T H E A M E R I C AN D R E A M
Digital prints from
1950's magazine ad illustrations
mounted on house-shaped wood blocks
Post-war families that had delayed having children because of poverty and wartime conditions, dreamt of a better life, a perfect life, and chose the suburbs as their ideal. New Jersey’s Levittown and California's Rohnert Park typify the planned suburban communities of the 1950’s and early 1960’s that were marketed to attract middle-class people into an area once populated with farmers. Many illustrations from magazine articles and ads of the 1950’s depicted this ideal dream of families enjoying material comfort.
But this conformity also had a dark side. For women, the charms of suburban life began to wear thin. Popular culture was replete with messages counseling women that their greatest satisfaction in life would come from raising children, tending to their husbands' needs, and owning all of the labor-saving household appliances that money could buy. Many began to identify a creeping sense that there ought to be more to life than childcare and housework. And minority women did not experience the ennui of suburban life because, by and large, they were barred from suburbia altogether.

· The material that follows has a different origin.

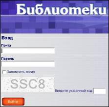 3. Откроется форма для ввода логина и пароля. Пароль и логин выдаются в отделе автоматизации Пермской краевой библиотеки им. Горького. Заполните строки «Почта» (в неё вводится логин) и «Пароль», введите код с картинки и нажмите кнопочку «Войти».
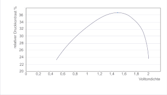 Mit steigender Farbführung (Volltondichte) steigt der relative Druckkontrast erst an, geht durch ein Maximum und fällt dann wieder ab. Die Volltondichte im Maximum stellt das bildtechnische Optimum für die Farbführung dar. Der relative Druckkontrast wird durch die Druckmaschine, den Bedruckstoff, die Druckfarbe, die Rasterung und die Druckbedingungen beeinflusst, gilt deshalb nur für einen gegebenen Satz von Parametern. Seine Bedeutung sinkt mit der sich ausbreitenden Standardisierung im Druck.

The American Dream: Rohnert Park - 5 1/2" wide
The American Dream: Levittown - 3 1/2" wide
Suburban affluence is the defining image of the good life under capitalism, commonly held up as a model to which all should aspire. Employed professionals can direct significant portions of their income to discretionary spending. This sector of society participates, consciously or unconsciously, in what is often called “consumer culture.” This consumerism often fails to fulfil its promise of a rich and meaningful life. The consumer class has been sold a lie.